Конечно же, в книге Зиновьева есть доля гротескных преувеличений. Ведь ни одна страна, которой удалось запустить человека в космос, не может целиком полагаться на принятие желаемого за действительное и парализующее недоверие. Но все равно было бы несправедливо отбрасывать его теорию на этом основании, потому что выстраиваемый им мир слишком последователен, чтобы быть только плодом воображения. Разумеется, это искаженный образ советской системы – и все же сохраняющий главные топологические черты, подобно растягиваемому, но не рвущемуся куску резины. В частности, я полагаю, что каузальные свидетельства, которые можно собрать – какие-либо иные свидетельства найти сложно, – подтверждают, что советские лидеры были в не меньшей степени, чем их граждане, заложниками данной системы. В какой-то мере к Советской России приложима классическая характеристика царизма как автократии, смягченной неэффективностью. Можно принять многое из этого и в то же время скептически отнестись к утверждению Зиновьева о том, что граждане не меньше, чем их правители, несут ответственность – моральную и каузальную – за систему. По его мнению, создание советского человека – скорее пассивное, чем активное отрицание рациональности и человечности, – было столь успешным, что система могла бы сохраняться практически вечно благодаря способности гасить любые искры реформы в океане посредственности[207]. На это я хотел бы возразить, что общественные системы гораздо податливей, чем образующие их индивиды, и великие перемены происходят, как только снимается крышка. Быть может, даже стоит надеяться на стихийное движение в сторону свободы.

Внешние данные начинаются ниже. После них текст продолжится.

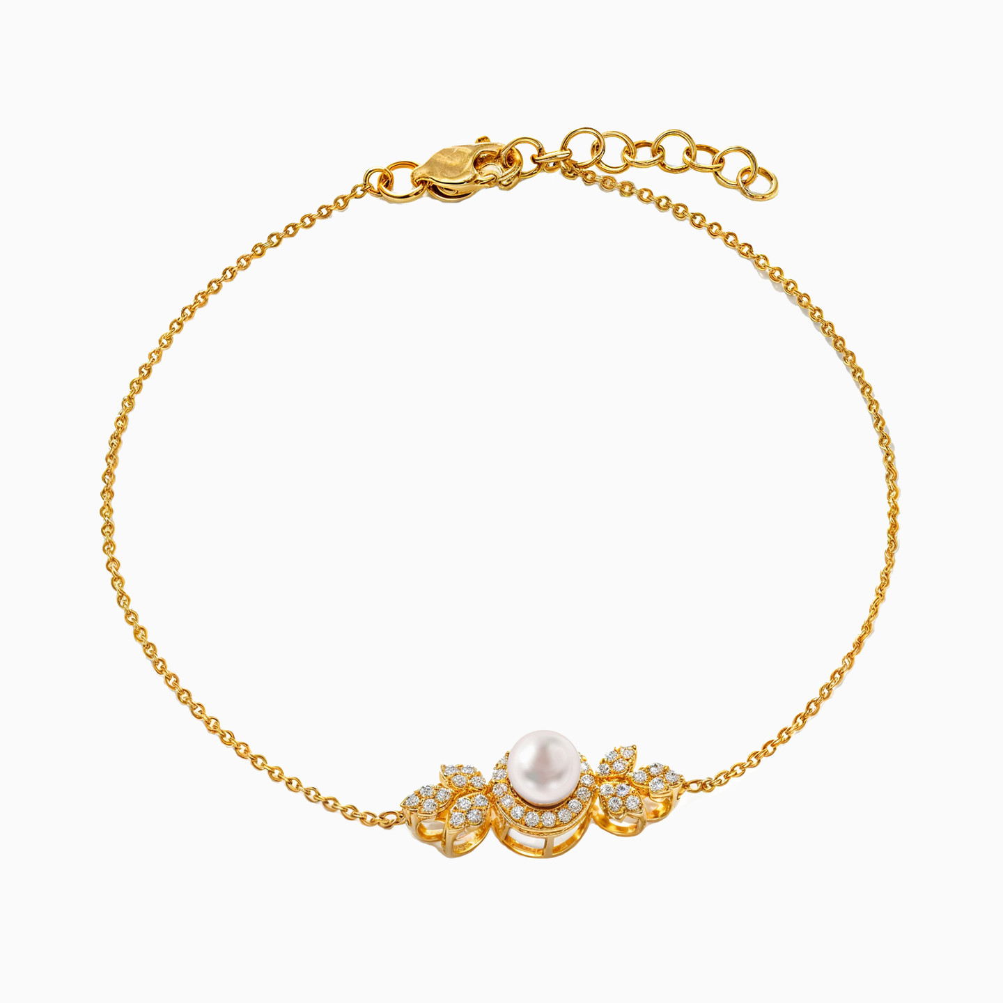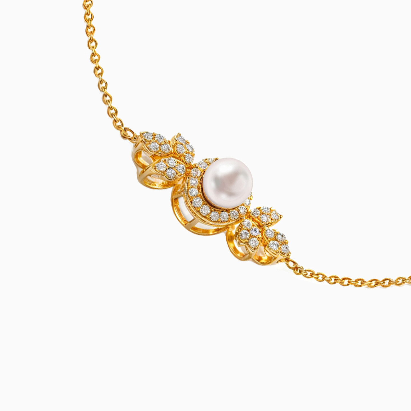 Pearls make everything look so much more elegant. This bracelet from L'azurde Gold is one such example. Featuring a gorgeous pearl that sits atop stone accented motifs on the center of your wrist, this bracelet is cast with a delicate 18-karat yellow gold chain. We recommend teaming this up with matching pearl accessories to complete the look.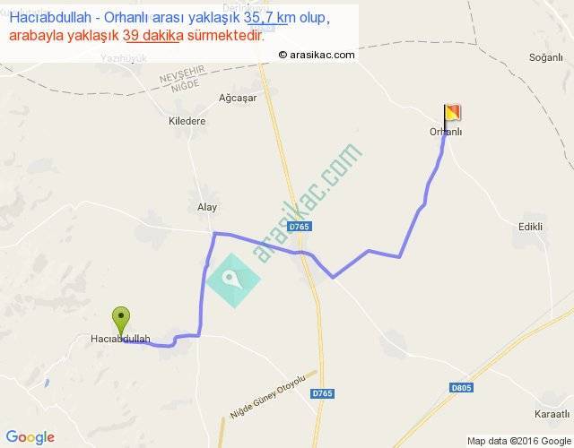 Hacıabdullah - Orhanlı arası yaklaşık olarak 90 km/h ile yukarıda belirtilen sürede olup, iki yerin kuş uçuşu uzaklığı (mesafesi) 26'dir. Yolculuk otobüsle 50 dakika sürmektedir.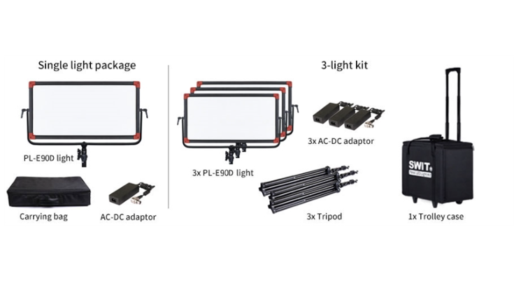 A SWIT PL-E90D 3KIT egy professzionális, hordozható világítási megoldás, amelyet televíziós műsorok, dokumentumfilmek, interjúk és stúdióalkalmazásokhoz terveztek. Minden PL-E90D LED-panel 480, szélén elhelyezett SMD LED-et használ, amelyeket a SWIT egyedülálló 90°-os fényvezető technológiájával kombináltak, így rendkívül lágy, fényes és egyenletesen elosztott fényt biztosítanak, miközben vékony és könnyű formátumot tartanak fenn.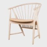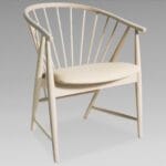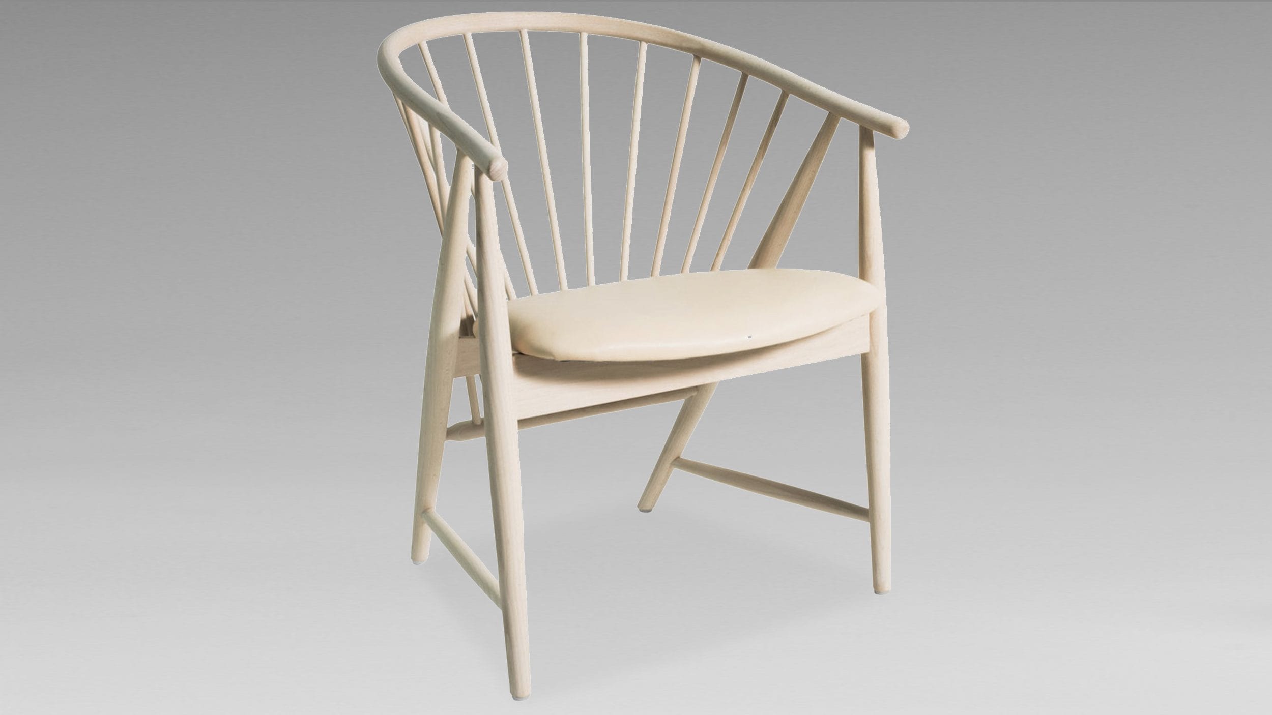 Fåtöljen Solfjädern i vit oljad massiv bok. Med en sits i Tärnsjö skinn i färgerna natur, cognac, mörkbrun alt. svart. Formgiven av Sonna Rosén och tillverkas av Gemla.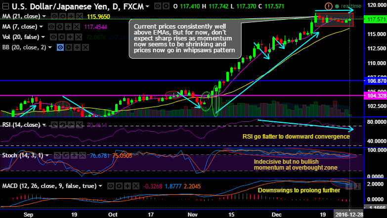 The current prices have consistently been spiking well above DMAs on daily EMAs so far on both daily and weekly plotting, but for now, don't expect the sharp rallies nor a steep slump, and it is better to devise trading plans in range bounded trend for sometime.
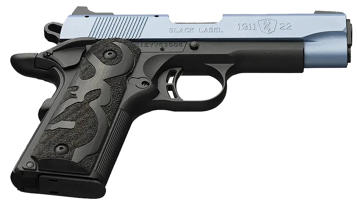 Browning 051898490 1911 Black Label Compact Frame 22 LR 10+1, 3.63″ Matte Stainless Steel Barrel, Polar Blue Cerakote Serrated Slide, Matte Black Polymer Frame w/Beavertail, Black Laminate Wood Grip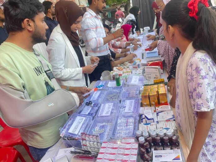 इस मेडिकल कैंप में जरूरी जांच के साथ-साथ मरीजों को मुफ्त दवाएं वितरित की गई आज के मेडिकल कैंप में लगभग 100 मरीज को देखकर उन्हें दवाएं दी गई।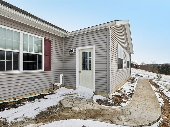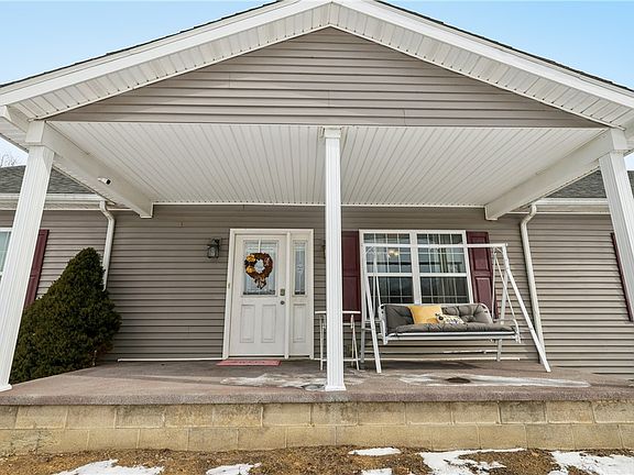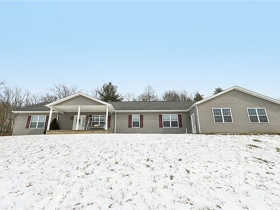 This stunning ranch is awaiting it's new owners! This 3 bedroom, 2.5 bath home has plenty of space for your family! A beautiful stamped concrete walkway leads you to the front door. Enter into spacious, open living! The kitchen boasts an abundance of storage in the oak cabinets and center island. You will love the large stainless sink, recess lighting, and the amount of counter space. The inviting living room features a wood burning fireplace flanked by beautiful built-ins. The primary bedroom has a nice sized closet and a 4 piece en-suite with a dual vanity and soaking tub. Main floor laundry! The clean, dry basement has an additional room and many possibilities. There is a walk-up attic offering the opportunity to finish for additional living space. Attached 3 car garage and a detached 1 car garage. Relax on the private, covered composite rear deck. New fencing and asphalt driveway! Generac Generator! Country living with gorgeous views yet close to many amenities and major highways!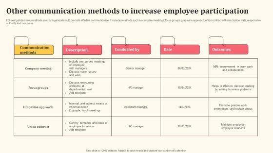 Following slide shows methods used by organizations to promote effective communication. It includes methods such as company meetings, focus groups, grapevine approach, union contract with description, date, responsible authority and outcomes. There are so many reasons you need a Other Communication Methods To Increase Employee Participation Detailed Personnel Inspiration Pdf The first reason is you can not spend time making everything from scratch, Thus, Slidegeeks has made presentation templates for you too. You can easily download these templates from our website easily. Following slide shows methods used by organizations to promote effective communication. It includes methods such as company meetings, focus groups, grapevine approach, union contract with description, date, responsible authority and outcomes.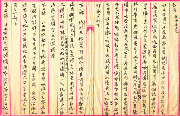 1920年5月11日,饶明与米乞尔签订的关于在中国利用佛克法专有权的合同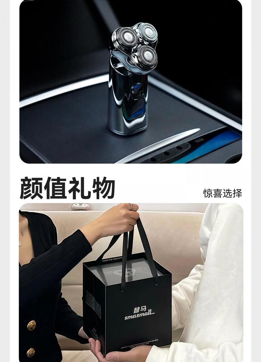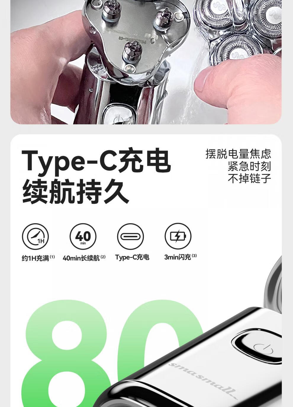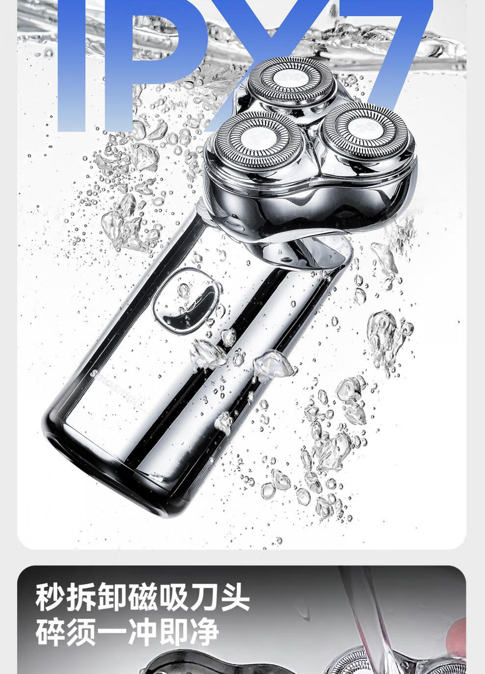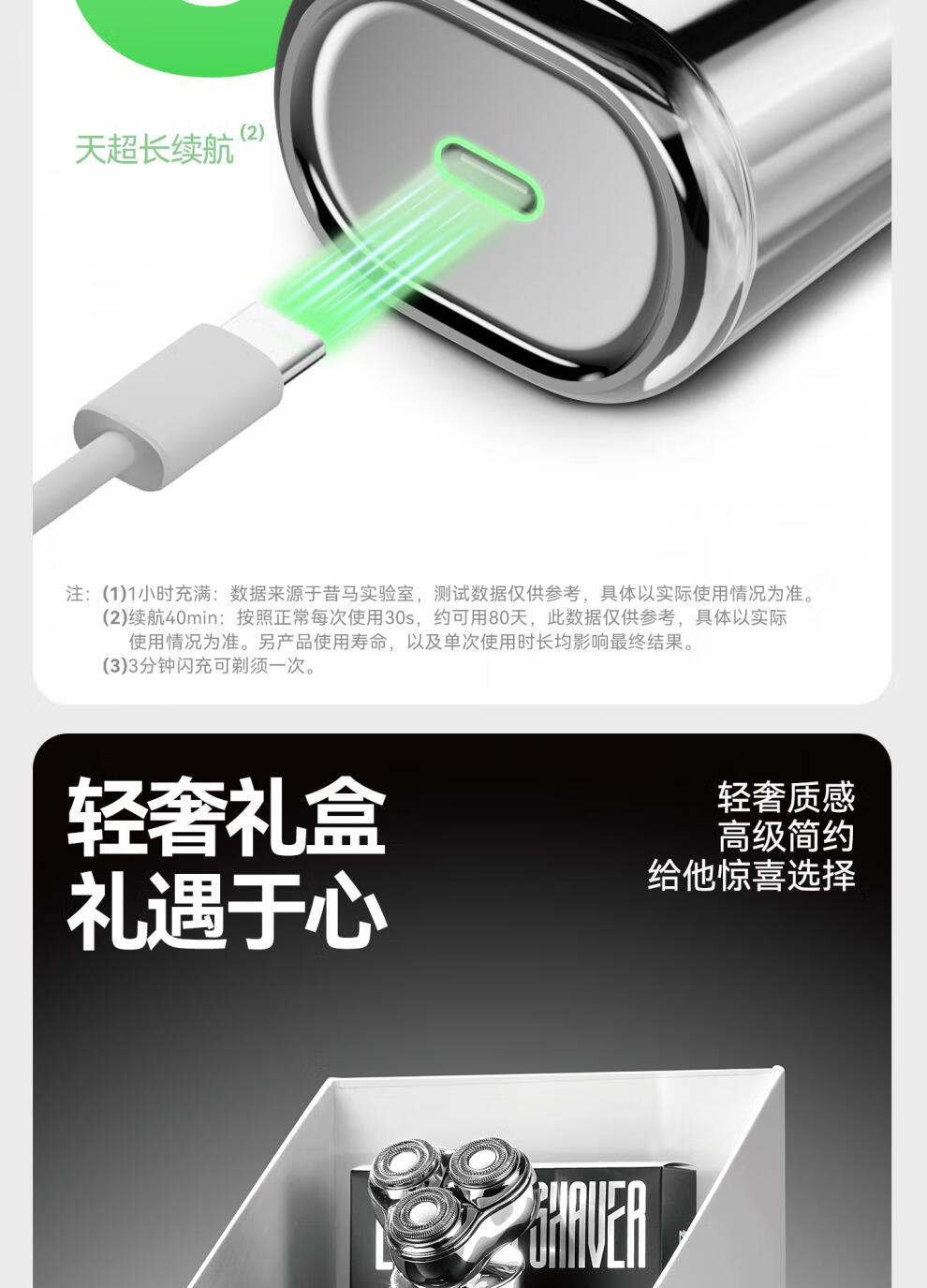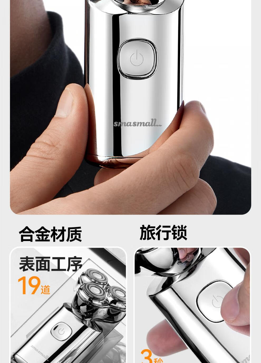 金属机身,一手握持;人体工学设计,贴合手动剃须角度;随心装袋,便携出行

В современных демократических обществах мы также порой наблюдаем бессилие власть имущих, хотя и по совершенно иным причинам. Для выявления механизма сначала рассмотрим замечание Токвиля касательно воинской повинности: «Правительство может делать почти все, что хочет, лишь бы его решения были разом обращены ко всему населению; сопротивление ему обычно вызывается не бременем обязанностей, а неравномерностью их распределения».[208]. Иными словами, в демократических обществах мы наблюдаем перебои в работе максимы «Qui peut le plus, peut le moins» [Кто может большое, может и малое], поскольку правительство способно создать трудности для всего населения, не имея власти создать их для определенного подмножества граждан[209]. Идея в том, что сопротивление побуждается не состоянием, в котором находятся граждане, а казуальным процессом, из которого оно происходит. Социальное и экономическое неравенство, создаваемое игрой безличных рыночных сил, куда приемлемей, нежели неравенство, явно вызванное государственной дискриминацией. Искусственные трудности можно терпеть, если они ложатся на всех, а не только на какое-то меньшинство – даже если нет смысла в том, чтобы от них страдал кто-либо кроме него. Демократическому правительству легче сойдет с рук замораживание заработных плат и цен, чем более эффективные дискриминационные меры. Социальные льготы порой абсурдным образом размываются, поскольку предоставляются всем сразу, а не кому-либо в отдельности. Перераспределение куда проще осуществляется в периоды экономического роста, когда различия в росте заработной платы отчасти сглаживаются тем, что прибавку получают все. Поэтому правительства наловчились изобретать меры, первые последствия которых ударяют по всем в равной степени, но чистый результат распределяется одинаково. Образцовый случай – перераспределение дохода через равное увеличение номинальной заработной платы в инфляционной экономике с прогрессивным налогообложением. В той степени, в которой каузация остается неясной, изменения могут приписываться судьбе. Если в древних обществах правителям сходила с рук откровенная дискриминация, то это происходило не только потому, что у них было больше силы, но и потому, что от их поведения ожидали справедливости или рациональности не больше, чем от урагана, и оттого у подданных не возникало ресентимента[210].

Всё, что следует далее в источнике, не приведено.